Stabilitas dan adaptasi ke mukosa gingiva.
Merupakan kedudukan pada gigi penyangga harus tetap dan tepat,
sehingga tidak goyang, memutar, ataupun terungkit meskipun tidak
diberi gaya. Untuk masalah faktor ungkit umumnya diperiksa dengan
menekan salah satu gigi penyangga. Adaptasi mukosa tentu perlu
karena nantinya GTJ akan menekan gusi meskipun ringan namun
tetap tidak boleh membuat perubahan warna pada gusi yang dapat
berujung pada resesi serta untuk memaksimalkan efek self cleansing
pada daerah embrasurnya.

15

Penyesuaian oklusal.
Pemeriksaan dilakukan menggunakan kertas artikulasi dan diletakan
di titik kontak dan titi oklusi dan suruh pasien menggigit kertas
tersebut dalam kondisi oklusi sentris.

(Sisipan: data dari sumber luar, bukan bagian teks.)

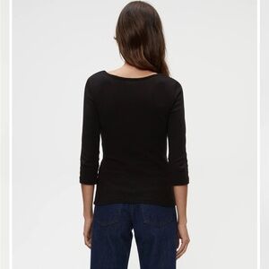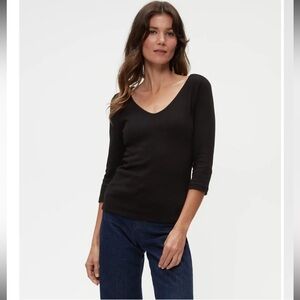 Elegant black tee with a subtle shine. Features a flattering V-neck design. Crafted in our iconic shine fabric, the subtle sheen makes this top a chic day-to-night style. It features a delicate V-neckline and ¾ sleeves. The front is double-layered for a more weighty feel. Wear yours with a midi skirt or pants.
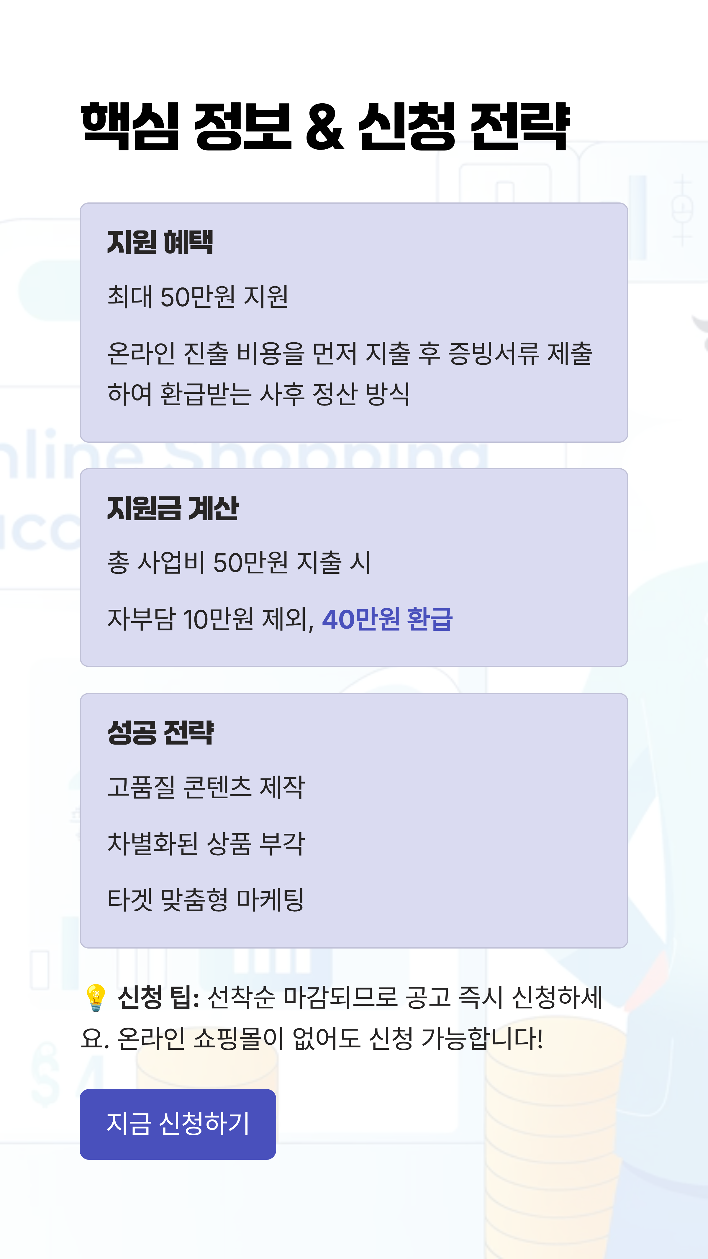 - 고품질 콘텐츠 필수. 지원금을 활용해 상세 페이지 등 온라인 콘텐츠 품질을 높이는 것이 성공의 핵심입니다.

Hasil yang baik adalah tidak
adanya tanda pada hasil restorasi yang menandakan bahwa oklusi
sudah nyaman dan tidak ada yang mengganjal atau ketidaknyamanan
saat beroklusi. Hal ini perlu karena ketidaknyamanan ini dapat

berujung pada gangguan sistem mastikasi.


Estetika.
Syarat estetis selalu menjadi poin utama dalam setiap restorasi,
khususnya pada masa kini dimana pasien menginginkan restorasinya
sewarna gigi dan seideal mungkin, maka pada bagian yang terlihat
saat tersenyum (anterior dan sebagian kecil posterior) maka restorasi
harus sewarna gigi tetangganya dan harus mengikuti kontur, anatomi,
dan bentuk normal gigi tersebut.

2.3

Perawatan Pendahulan Pada Kasus Di Atas


Perawatan ini meliputi:
1. Tindakan-tindakan yang berhubungan dengan perawatan jaringan
pendukung gigi abutment
Hal ini berguna untuk mendapatkan jaringan yang sehat pada gigi
yang ada sehingga dapat memberikan dukungan dan fungsi yang baik
untuk gigi tiruan.
Mengevaluasi keadaan jaringan periodontal gigi abutment secara
radiografi juga perlu dilakukan untuk menilai apakah gigi tersebut
masih dapat digunakan sebagai penyangga atau tidak.
2. Tindakan Konservasi
Sebelum merencanakan gigi tiruan harus diketahui perbaikan yang
akurat terhadap gigi-gigi yang ada.
16

3. Tindakan Prostetik
Setelah semua gigi penyangga dan jaringan pendukungnya dievaluasi
tahap berikutnya adalah pembuatan gigi tiruan cekat yang baru.
Keuntungan dari perencanaan, pembuatan dan pelaksanaan persiapan
di dalam mulut yang teliti adalah sangat mendasar. Preparasi yang
tepat akan mengarahkan gaya pengunyahan, sehingga desain gigi
tiruan akan mendukung satu sama lain. Gaya yang seimbang dan
didistribusikan dengan sesuai dapat membantu mempertahankan
struktur rongga mulut yang masih ada dan restorasi.
Akhirnya keadaan ini dapat menghasilkan ramalan, prognosa yang baik
untuk suatu restorasi. Setelah dilakukan perawatan pendahuluan yang baik,
barulah dapat dilakukan pengambilan cetakan pada pasien untuk
pembuatan gigitiruan, karena gigi tiruan dapat bertindak sebagai pengganti
fungsi gigi yang hilang dan mengembalikan kesehatan jaringan mulut.
2.3.1

Perawatan Pendahuluan Secara Umum


Perawatan pendahuluan adalah tindakan yang dilakukan terhadap gigi,
jaringan lunak maupun keras, dalam rangka mempersiapkan mulut untuk
menerima gigitiruan.
Keberhasilan atau gagalnya gigitiruan sebagian lepasan tergantung pada
beberapa faktor diantarnya meliputi:
1. Kondisi mulut pasien
2. Keadaan periodontal gigi yang dipilih
3. Prognosa gigi tersebut.
Tujuan perawatan pendahuluan selain untuk mengadakan sanitasi mulut,
juga untuk menciptakan kondisi oklusi normal, yang menjamin kesehatan
gigi dan jaringan pendukungnya.

2.3.2

Perawatan Lanjutan Pada Kasus Di Atas

1. Penatalaksanaan pada gigi 25

17

Pada kasus di atas tindakan pertama yang dilakukan oleh dokter gigi yaitu
pembongkaran crown pada gigi 25.
a. Pertimbangan pembongkaran crown pada kasus di atas
Pada gigi 25 tampak fraktur pada retainer dan ampak adanya
pengelupasan lapisan estetik (lapisan porcelain) pada oklusal retainer.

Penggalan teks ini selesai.